These materials will all be applied to a number of primitive types, which are all imported from the away3d.primitives
package.
import away3d.primitives.Cube; import away3d.primitives.Plane; import away3d.primitives.Sphere; import away3d.primitives.Torus;
The CubFaces
class defines a number of constants that identify each of the six sides of a cube.
import away3d.primitives.utils.CubeFaces;
The following Flash classes are used when loading textures from external image files, to handle events, to display a textfield on the screen, and to define a position or vector within the scene.
import flash.geom.Vector3D; import flash.net.URLRequest; import flash.display.BitmapData; import flash.events.Event; import flash.events.KeyboardEvent; import flash.text.TextField;
The MaterialsDemo
class extends the Away3DTemplate
class that was presented in Chapter 1, Building Your First Away3D Application.
public class MaterialsDemo extends Away3DTemplate {
One of the ways to manage resources that was discussed in the Resource management section was to embed them. Here, we see how an external JPG image file, referenced by the source
parameter, has been embedded using the Embed
keyword. Embedding an image file in this way means that instantiating the EarthDiffuse
class will result in a Bitmap
object populated with the image data contained in the earth_diffuse.jpg
file.
[Embed(source = "earth_diffuse.jpg")] protected var EarthDiffuse:Class;
A number of additional images have been embedded in the same way.

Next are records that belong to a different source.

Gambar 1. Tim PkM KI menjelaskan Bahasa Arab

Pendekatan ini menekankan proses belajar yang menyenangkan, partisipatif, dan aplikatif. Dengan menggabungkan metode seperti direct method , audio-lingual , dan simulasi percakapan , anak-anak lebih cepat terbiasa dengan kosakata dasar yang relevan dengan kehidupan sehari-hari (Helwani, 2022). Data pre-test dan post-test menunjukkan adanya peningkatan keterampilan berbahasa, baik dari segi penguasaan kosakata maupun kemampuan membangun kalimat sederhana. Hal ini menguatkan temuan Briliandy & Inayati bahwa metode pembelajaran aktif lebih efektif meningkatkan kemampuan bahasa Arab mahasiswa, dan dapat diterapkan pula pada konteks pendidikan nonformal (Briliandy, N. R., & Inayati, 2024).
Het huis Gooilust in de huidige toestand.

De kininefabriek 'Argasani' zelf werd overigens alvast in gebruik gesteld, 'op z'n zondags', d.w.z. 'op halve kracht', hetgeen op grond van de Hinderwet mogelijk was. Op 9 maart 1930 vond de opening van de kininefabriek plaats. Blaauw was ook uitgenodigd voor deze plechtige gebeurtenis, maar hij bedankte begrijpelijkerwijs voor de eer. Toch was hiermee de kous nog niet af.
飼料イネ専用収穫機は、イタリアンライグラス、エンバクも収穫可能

[Embed(source = "earth_normal.jpg")] protected var EarthNormal:Class; [Embed(source = "earth_specular.jpg")] protected var EarthSpecular:Class; [Embed(source = "checkerboard.jpg")] protected var Checkerboard:Class; [Embed(source = "bricks.jpg")] protected var Bricks:Class; [Embed(source = "marble.jpg")] protected var Marble:Class; [Embed(source = "water.jpg")] protected var Water:Class; [Embed(source = "waternormal.jpg")] protected var WaterNormal:Class; [Embed(source = "spheremap.gif")] protected var SphereMap:Class; [Embed(source = "skyleft.jpg")] protected var Skyleft:Class; [Embed(source = "skyfront.jpg")] protected var Skyfront:Class; [Embed(source = "skyright.jpg")] protected var Skyright:Class; [Embed(source = "skyback.jpg")] protected var Skyback:Class; [Embed(source = "skyup.jpg")] protected var Skyup:Class; [Embed(source = "skydown.jpg")] protected var Skydown:Class;
Here we are embedding three SWF files. These are embedded just like the preceding images.
[Embed(source = "Butterfly.swf")] protected var Butterfly:Class; [Embed(source = "InteractiveTexture.swf")] private var InteractiveTexture:Class; [Embed(source = "Bear.swf")] private var Bear:Class;
A TextField
object is used to display the name of the current material on the screen.

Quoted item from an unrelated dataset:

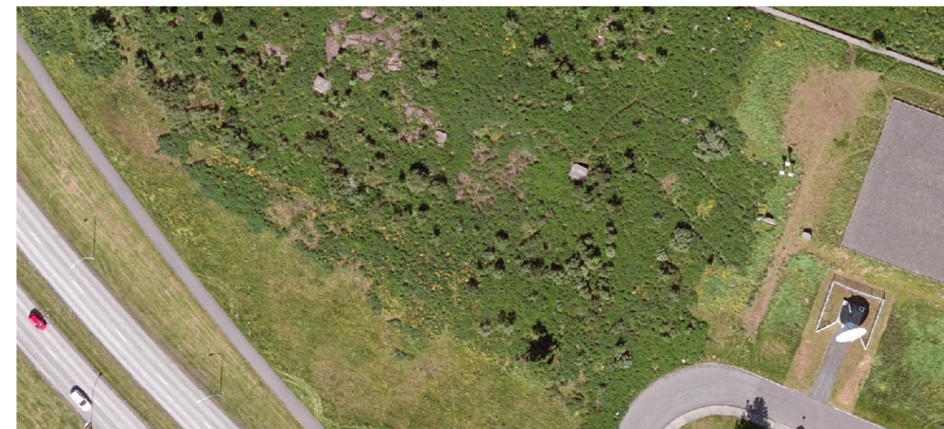
LOFTMYND 1:1000 (tekin 17/7/2018, Borgarvefsjá)

Hámarkshæð húsa er 3,5 m frá gólfkóta. Gólfkóti húsanna verður í u.þ.b. sama plani og aðliggjandi umhverfi. Nýtingarhlutfall er 0,1

protected var materialText:TextField;
The currentPrimitive
property is used to reference the primitive to which we will apply the various materials.
protected var currentPrimitive:Mesh;
The directionalLight
and pointLight
properties each reference a light that is added to the scene to illuminate certain materials.

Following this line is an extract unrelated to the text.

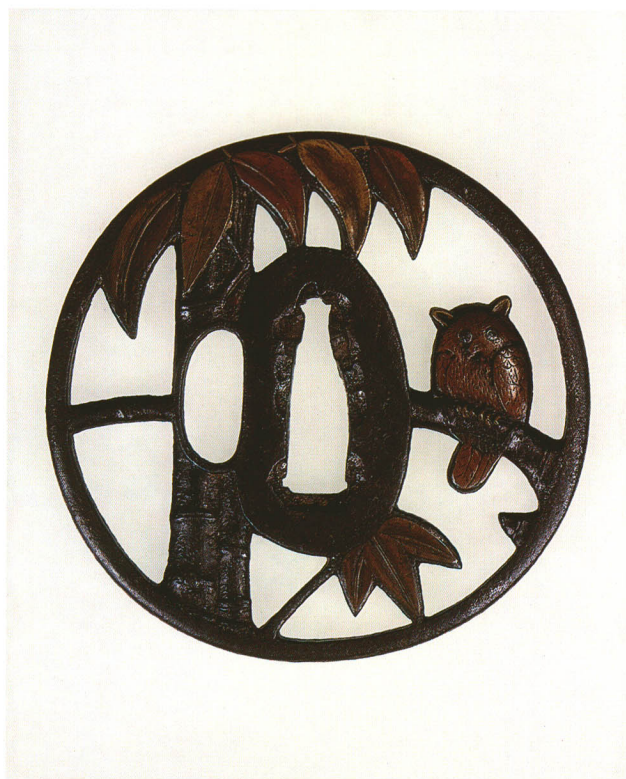
60 竹に鳥透鐺 無銘 京透 丸形・丸耳・鉄地 桃山時代 厚さ4.3×縦76.4×横78.0mm

protected var directionalLight:DirectionalLight3D; protected var pointLight:PointLight3D;
The
bounce
property is set to true
when we want the sphere to bounce along the Z-axis. This bouncing motion will be used to show off the effect of the DepthBitmapMaterial
class.
protected var bounce:Boolean;
The frameCount
property maintains a count of the frames that have been rendered while bounce
property is set to true
.
protected var frameCount:int;
The constructor calls the Away3DTemplate
constructor, which will initialize the Away3D engine.
public function MaterialsDemo() { super(); }
The removePrimitive()
function removes the current primitive 3D object from the scene, in preparation for a new primitive to be created.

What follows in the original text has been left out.